_Required action_: Once the pictures are set aside, reproduce the remaining data exactly.

_Data below_:
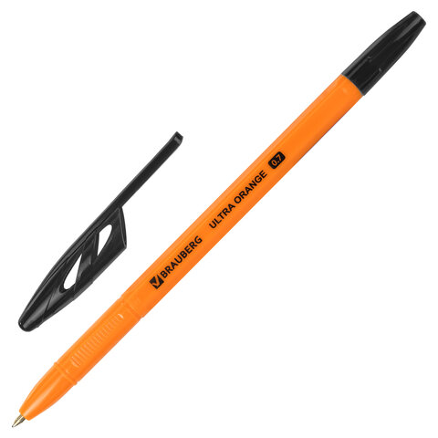 —Ручка шариковая BRAUBERG 'ULTRA ORANGE', черная, узел 0,7 мм, 143563
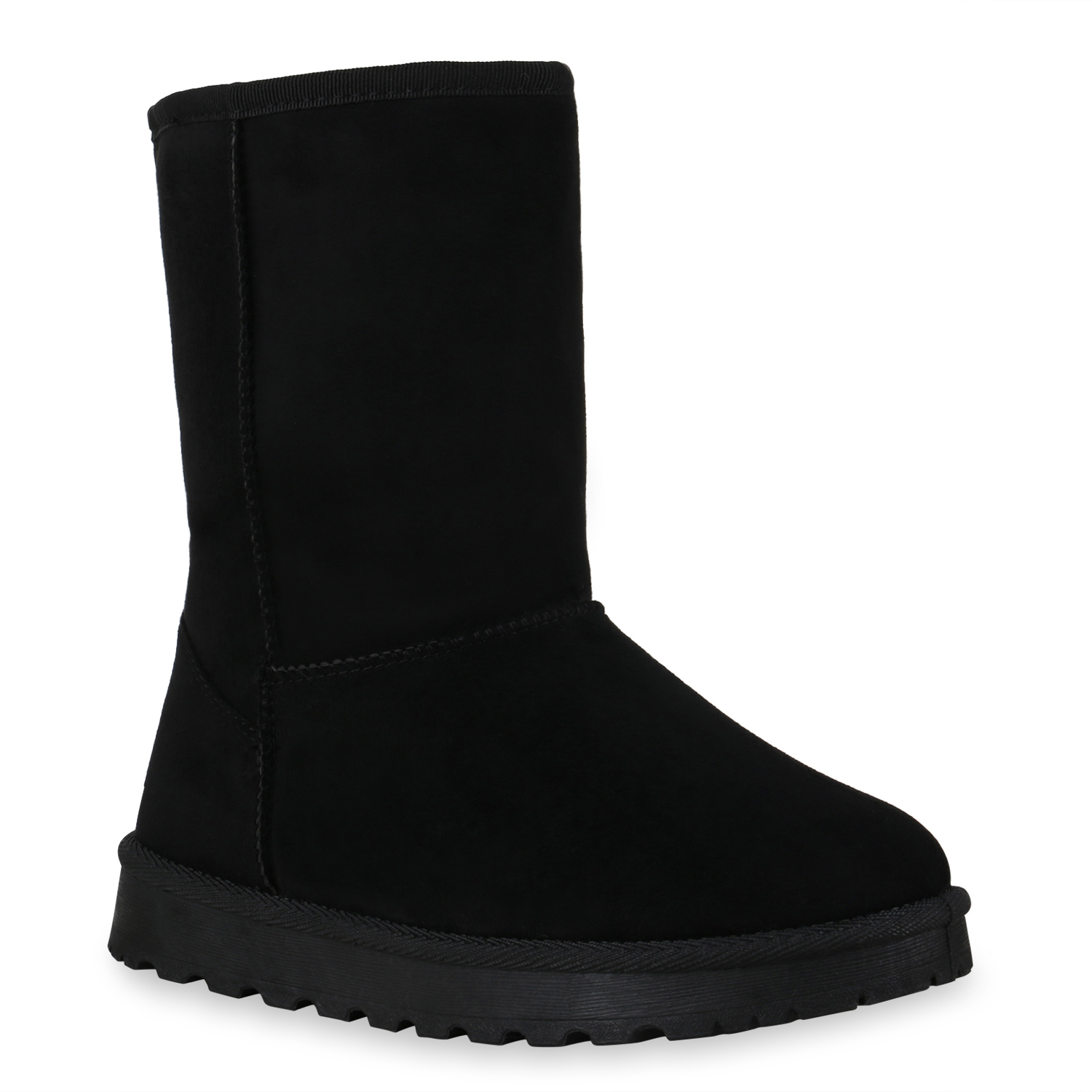 VAN HILL 836446 Schlupfboots Damen Warm Gefütterte Schlupfstiefeletten Profil-Sohle (schwarz)
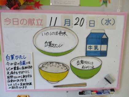 献立です。豆腐ときのこのあんかけは具材は豊富でそれぞれの素材が生かされた味でした。いわしの生姜味は、シンプルながらも身と脂のバランスがよく白菜ひたしとも合うものでした。
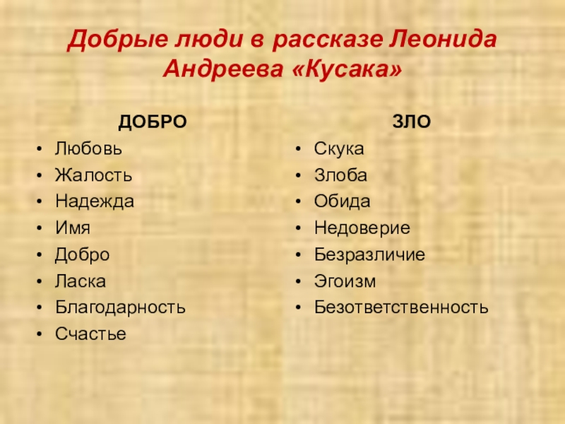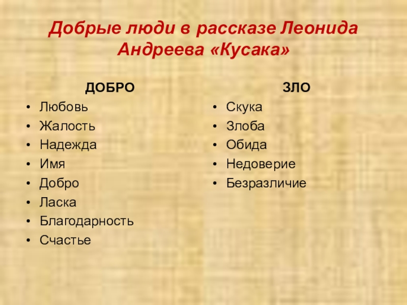 Добрые люди в рассказе Леонида Андреева «Кусака»ДОБРОЛюбовьЖалость НадеждаИмяДобро ЛаскаБлагодарностьСчастьеЗЛОСкука Злоба ОбидаНедовериеБезразличиеЭгоизмБезответственность

_Your solution_:
 —Ручка шариковая BRAUBERG 'ULTRA ORANGE', черная, узел 0,7 мм, 143563
 VAN HILL 836446 Schlupfboots Damen Warm Gefütterte Schlupfstiefeletten Profil-Sohle (schwarz)
 献立です。豆腐ときのこのあんかけは具材は豊富でそれぞれの素材が生かされた味でした。いわしの生姜味は、シンプルながらも身と脂のバランスがよく白菜ひたしとも合うものでした。
 Добрые люди в рассказе Леонида Андреева «Кусака»ДОБРОЛюбовьЖалость НадеждаИмяДобро ЛаскаБлагодарностьСчастьеЗЛОСкука Злоба ОбидаНедовериеБезразличиеЭгоизмБезответственность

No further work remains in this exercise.